On average, families attended 9.47 of the 12 CiC sessions (standard deviation = 4.00); of the 87% who attended ≥1 session, 97% attended ≥6 sessions, 96% attended ≥9 and 50% attended all 12. Access to CiC showed a significant positive effect, both post-intervention and at follow-up, on parenting behaviour (p<0.001 for both), competence (satisfaction and efficacy subscales; all p<0.001) and depressive symptoms (p<0.001 and p=0.02, respectively). Although parental stress showed a significant improvement post-intervention (p<0.001), this was no longer the case at follow-up (p=0.08). No significant effects on child ADHD symptoms were found post-intervention or at follow-up (p>0.05 for both); however, child functional impairment was significantly improved, both at post-intervention and at follow-up (p<0.001 and p=0.001, respectively).

There are limitations in this study which must be taken into account. These included the use of a wait-list control group and the inability to blind treatment status made it unclear whether alternative treatment models would show similar or better outcomes for children with suspected ADHD and their families, or if the effects observed would be found with more objective measures. No records of baseline or concurrent medications were documented, which may impact the results, although it should be noted that use of medication for the treatment of ADHD in Denmark is relatively low (<5%). In addition, the lack of requirement for a diagnosis of ADHD in this study resulted in a wide range of ADHD symptoms, at least half of which were not above the clinical threshold for ADHD. This may have impacted the ability to determine significant changes in ADHD symptoms following CiC intervention.

This authors concluded that within the advocacy group setting, the CiC model can effectively provide BPT to families with parental concerns about childhood ADHD. The authors suggested that although children with severe ADHD concerns should be directed to speciality mental health care services, children of families with lower-level concerns about ADHD could initially be directed to community-based CiC.
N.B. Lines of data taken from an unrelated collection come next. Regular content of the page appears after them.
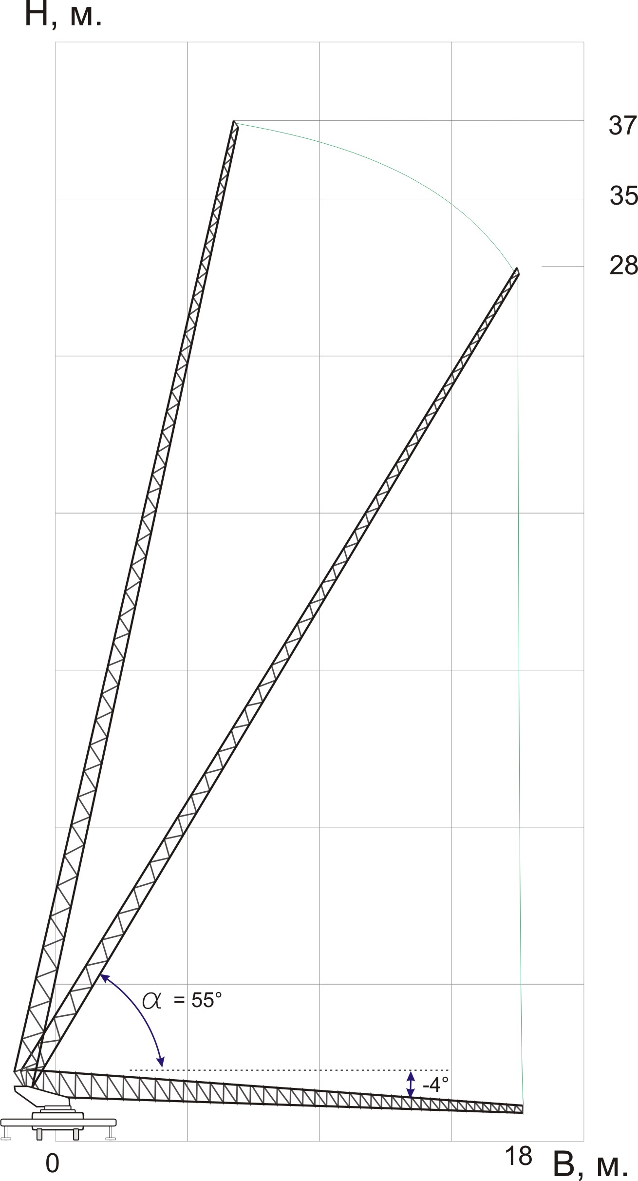 Рисунок 8. Рабочее поле (зона досягаемости) АЛ-37. Н – высота подъема стрелы, м., В – вылет стрелы, м.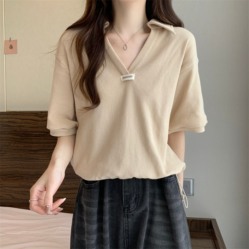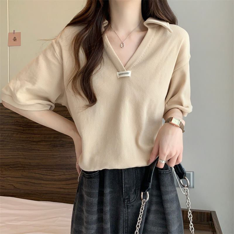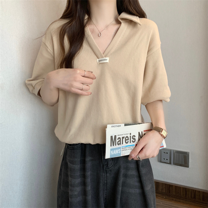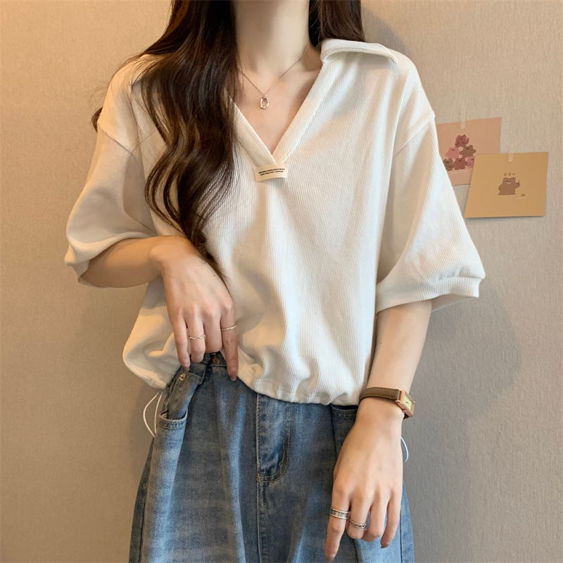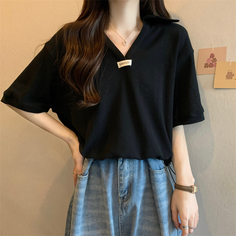 POLO领短袖T恤女夏ins潮宽松显瘦洋气减龄小个子短款V领半袖上衣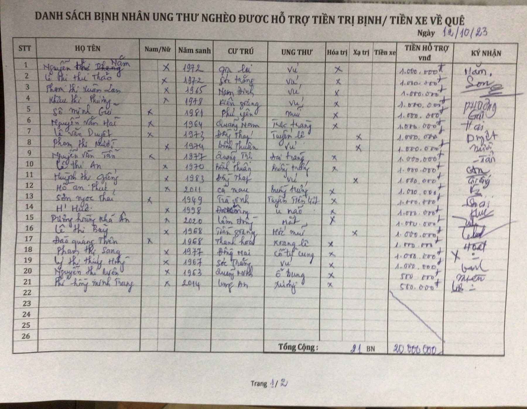 Đã hỗ trợ 20.000.000₫ tiền trị bịnh cho 21 BNUT ngày 12/10 (hình và video IMG_248621826.MOV).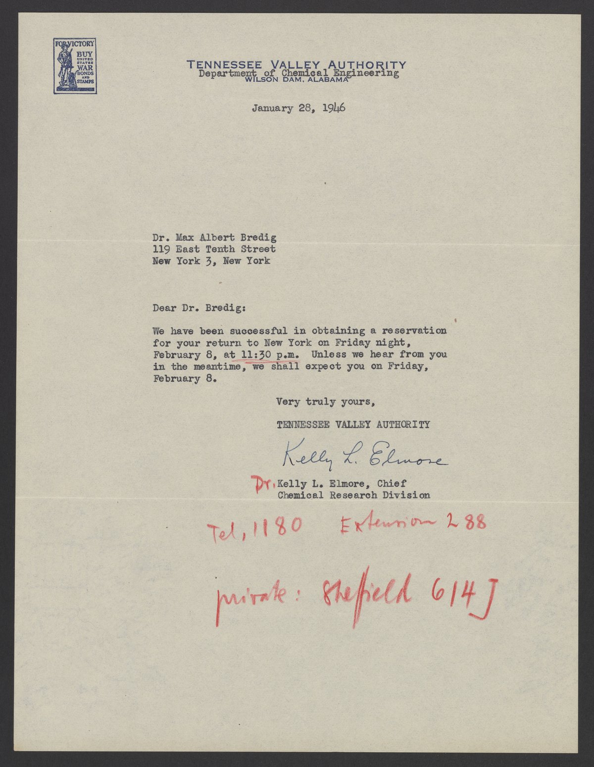 Letter from Kelly L. Elmore to Max Bredig, January 28, 1946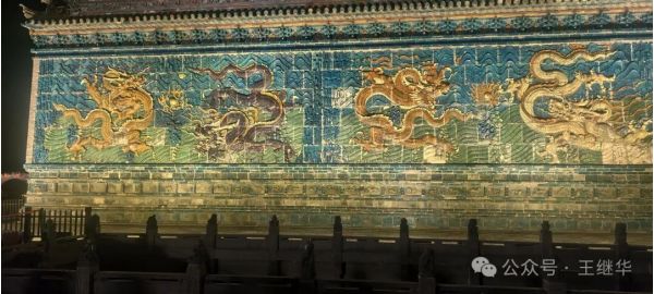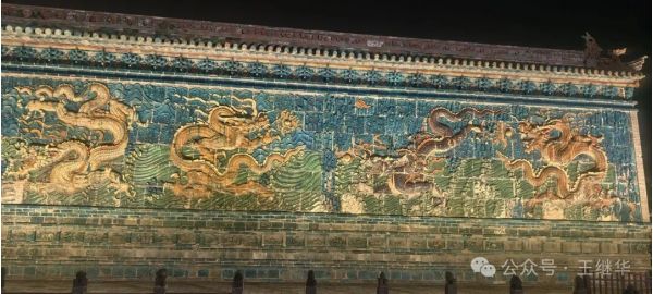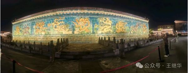 行至九龍壁時,我們特意停下車。白日里或許能看清釉色的細(xì)微紋路,但夜晚的九龍壁,在燈光的映襯下更顯靈動。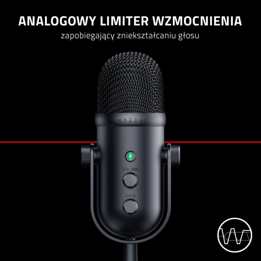 Razer Seiren V2 Pro jest zaprogramowany tak, by automatycznie zapobiegać przesterowaniu i szczytowemu poziomowi dźwięku, dlatego nie musisz się martwić załamaniami czy zakłóceniami głosu podczas transmisji.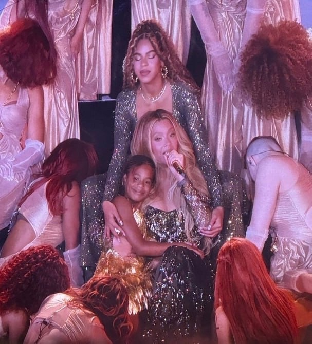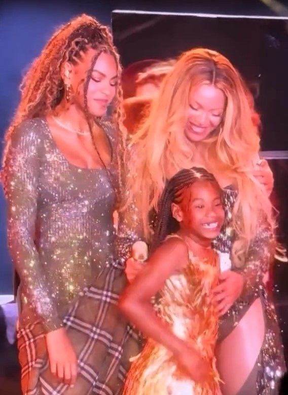 На сцену вместе с артисткой вышла старшая дочь Блю Айви, которая не впервые поддерживает звездную мать на концертах. А настоящим сюрпризом для зрителей стал дебютный выход на сцену второй наследницы Бейонсе, 7-летней Руми Картер, у которой есть брат двойняшка Сэр.

Read more about behavioural parent training in Denmark to address parents’ concerns about ADHD here


*CiC is a 12-week training programme that was established in 2011 to assist parents in managing children diagnosed with ADHD. It utilises evidence-based BPT and social-learning theory, which have been translated into three core elements: psychoeducation, positive behaviour and tools for managing disruptive behaviour/conflict prevention. Content and language have been simplified to facilitate learning and implementation by people with varying mental health experience
Participants were recruited via the ADHD-foreningen Internet homepage, and local and national newspapers. Potential participants were required to register themselves and one child who met the inclusion criteria online

Chacko A, Scavenius C. Bending the curve: a community-based behavioral parent training model to address ADHD-related concerns in the voluntary sector in Denmark. J Abnorm Child Psychol 2018; 46: 505-517.